Brazilian Jiu-Jitsu: Theory and Technique
- Author: Renzo Gracie, Royler Gracie, Kid Peligro, John Danaher
- Illustrator: Ricardo Azoury
- Language: English
- Genre: Martial Arts
- Publisher: Invisible Cities Press
- Publication date: 2001
- Media type: Print
- Pages: 255
- ISBN: 1-931229-08-2
- OCLC: 47225109
- Dewey Decimal: 796.815 21
- LC Class: GV1114 .G73 2001

= Brazilian Jiu-Jitsu: Theory and Technique =

Book on Brazilian jiu jitsu

Brazilian Jiu-Jitsu: Theory and Technique is a book first published in 2001, co-authored by Renzo Gracie, Royler Gracie, Kid Peligro and John Danaher and illustrated by Ricardo Azoury. It was written on the request of Sheik Tahnoon Bin Zayed Al Nayan, creator of the ADCC.

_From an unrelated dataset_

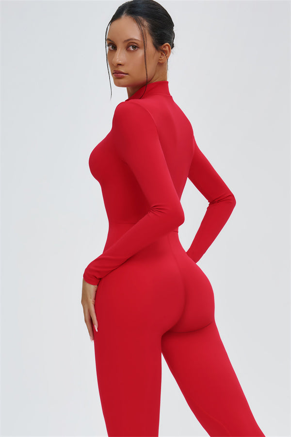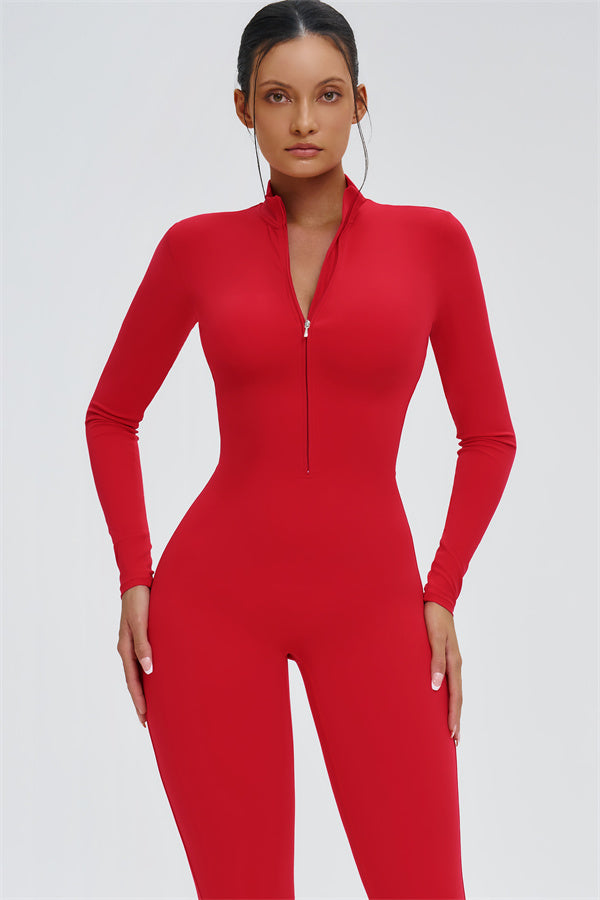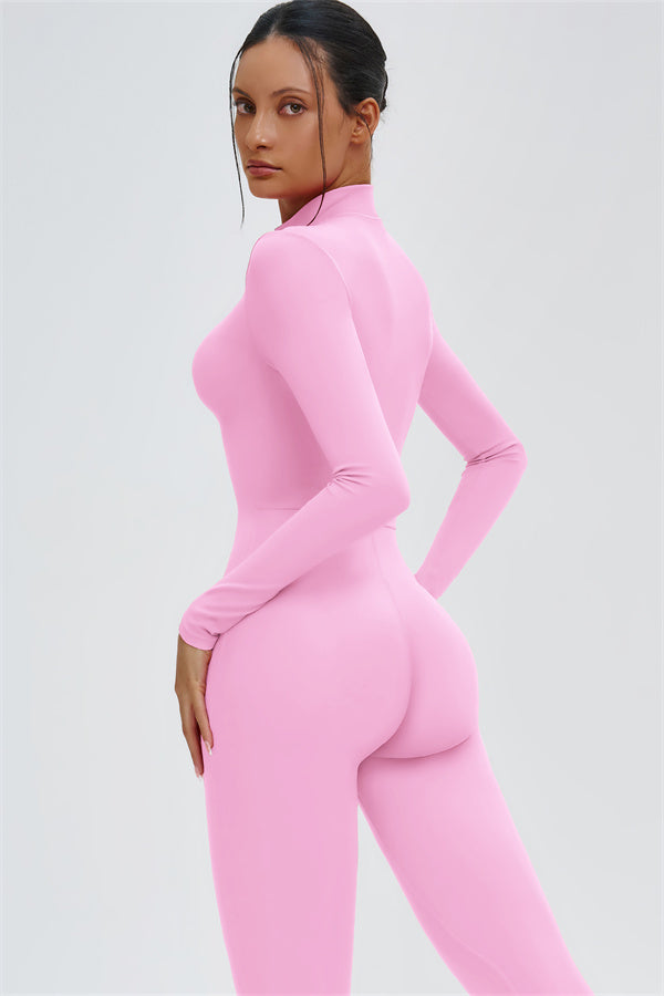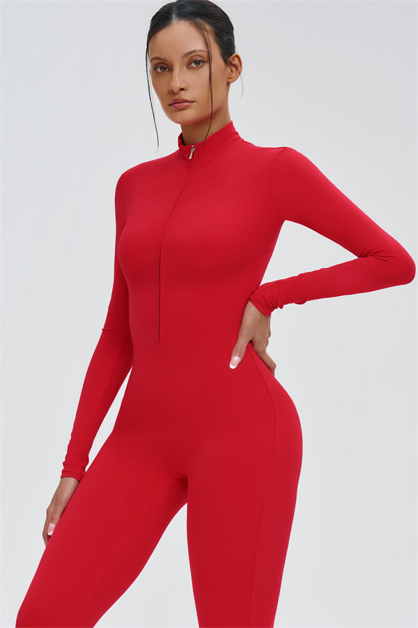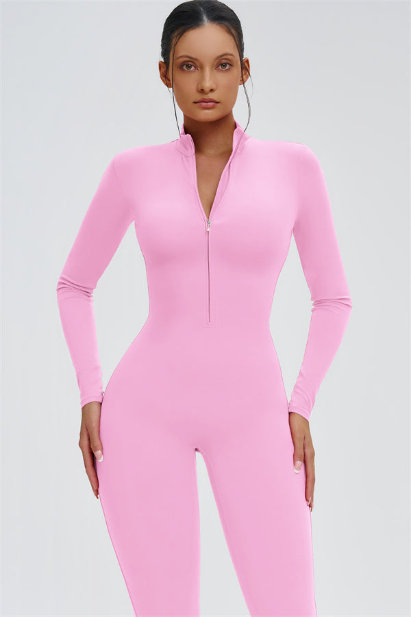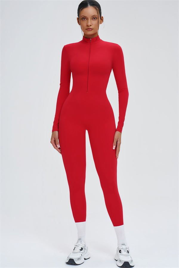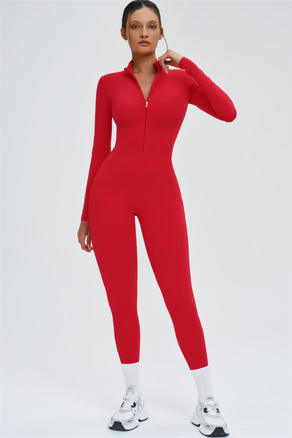 Featuring a stand-up collar and half-zip for easy wear, this long-sleeve jumpsuit showcases your curves with its seamless design. It offers excellent durability, elasticity, and comfort, making it perfect for any workout.

The book describes the "paradigm shift in the martial arts in favor of grappling styles" as a result of MMA events, such as UFC 1, in the early 1990s. It explains the theoretical foundations of Brazilian Jiu-Jitsu as a search for a solution to the fundamental problem of the Martial arts, which it defines as "How can one successfully defend oneself against attack by a bigger, stronger, and more aggressive opponent?"

The book traces Brazilian Jiu-Jitsu's lineage to Mitsuyo Maeda, a student of Jigoro Kano, who taught his style of Judo to Carlos Gracie. From then, the Gracie clan further develops Jiu-Jitsu independently from the Kodokan. The book further explains how Brazilian Jiu-Jitsu differentiates itself from Judo.

The book explains that Brazilian Jiu-Jitsu does not have a set standard list of techniques or belt requirements, but that each school informally ranks their students according to actual fighting proficiency. Nonetheless, the book then sets some guidelines as to what a typical Brazilian Jiu-Jitsu school might expect from a student at each belt rank; Blue, Purple, Brown, and Black.

Finally, the book describes its model of a typical fight and what a Brazilian Jiu-Jitsu fight looks like.